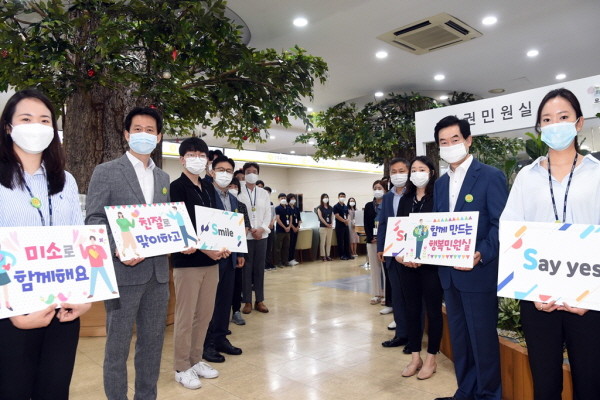 이번 친절3S 캠페인은 간부공무원들이 솔선수범해 직원들의 친절을 독려하고 생활화하기 위해 안병용 시장을 비롯해 황범순 부시장, 고진택 자치행정국장이 참여했다.
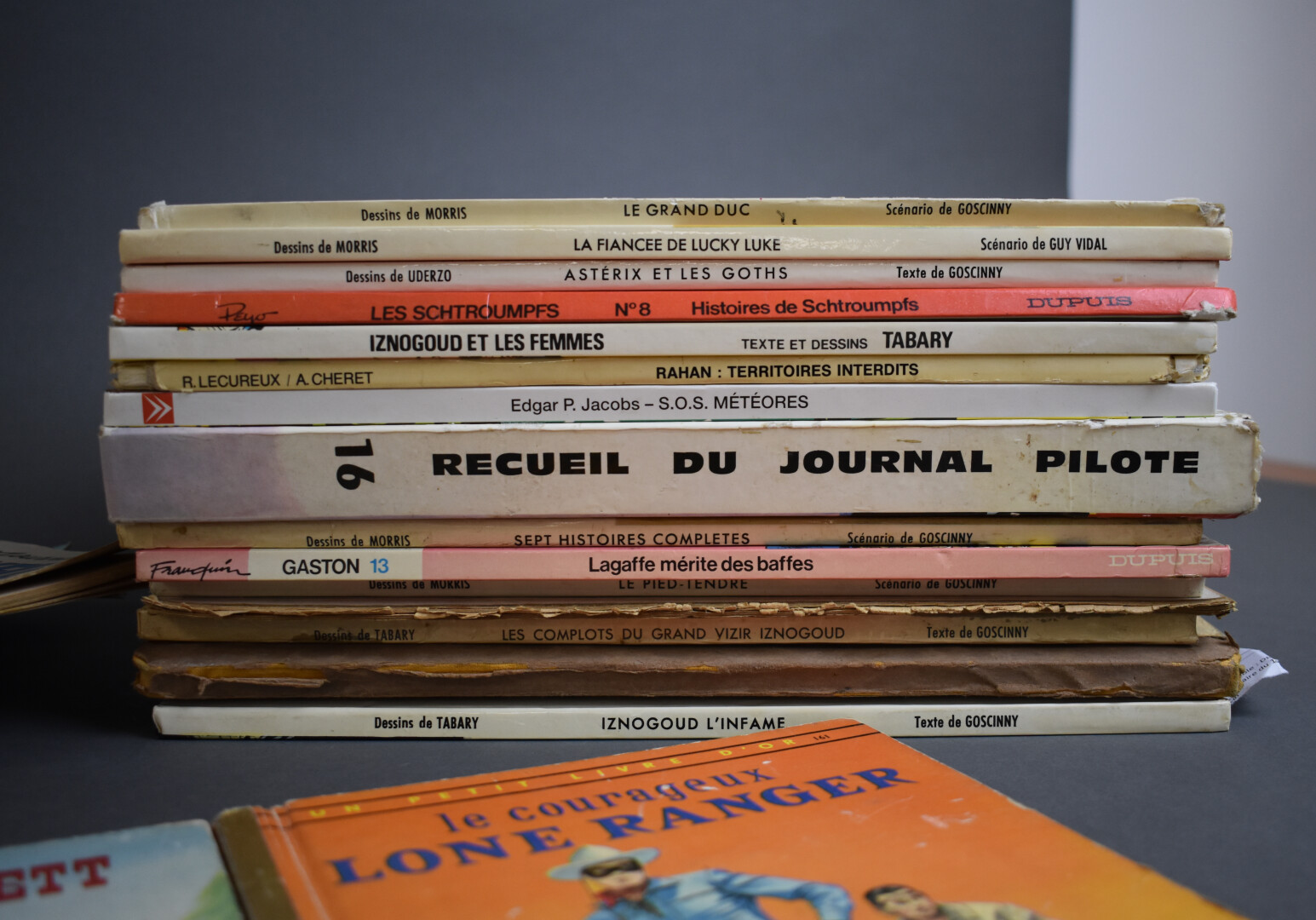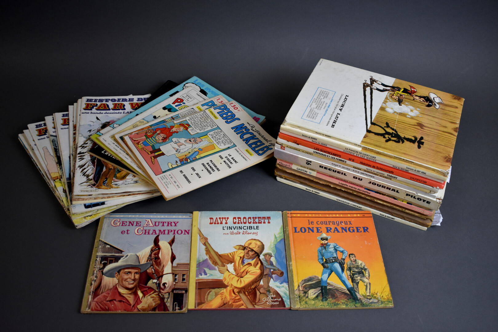 Ensemble d’albums et bandes dessinées dont « Le Journal des Pieds Nickelés », « Gaston Lagaffe mérite des baffes », « Blake et Mortimer S.O.S METEORES », « Histoire du Far West bande dessinée Larousse », « Les aventures de Tintin au cinéma », « Pilote 16 » , Un poster Lucky Luke et divers. Un carton.
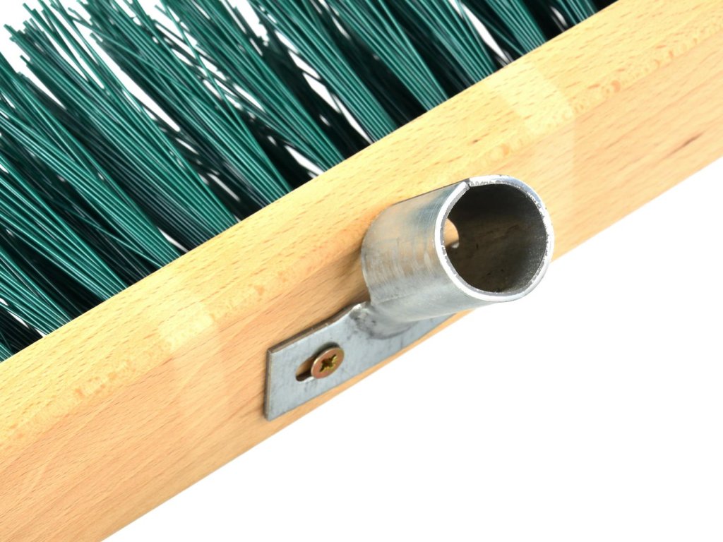 "Pouličný mop" s tvrdými nylonovými štetinami pripevnenými na drevenom tele. Kovová rukoväť na drevenú tyč bez závitu.
:::
Task: Counting both ends, reproduce word for word the lines from the line with "Ensemble d’albums et" to the final line of the listing above, skipping every picture.

Result of the task:
 Ensemble d’albums et bandes dessinées dont « Le Journal des Pieds Nickelés », « Gaston Lagaffe mérite des baffes », « Blake et Mortimer S.O.S METEORES », « Histoire du Far West bande dessinée Larousse », « Les aventures de Tintin au cinéma », « Pilote 16 » , Un poster Lucky Luke et divers. Un carton.
 "Pouličný mop" s tvrdými nylonovými štetinami pripevnenými na drevenom tele. Kovová rukoväť na drevenú tyč bez závitu.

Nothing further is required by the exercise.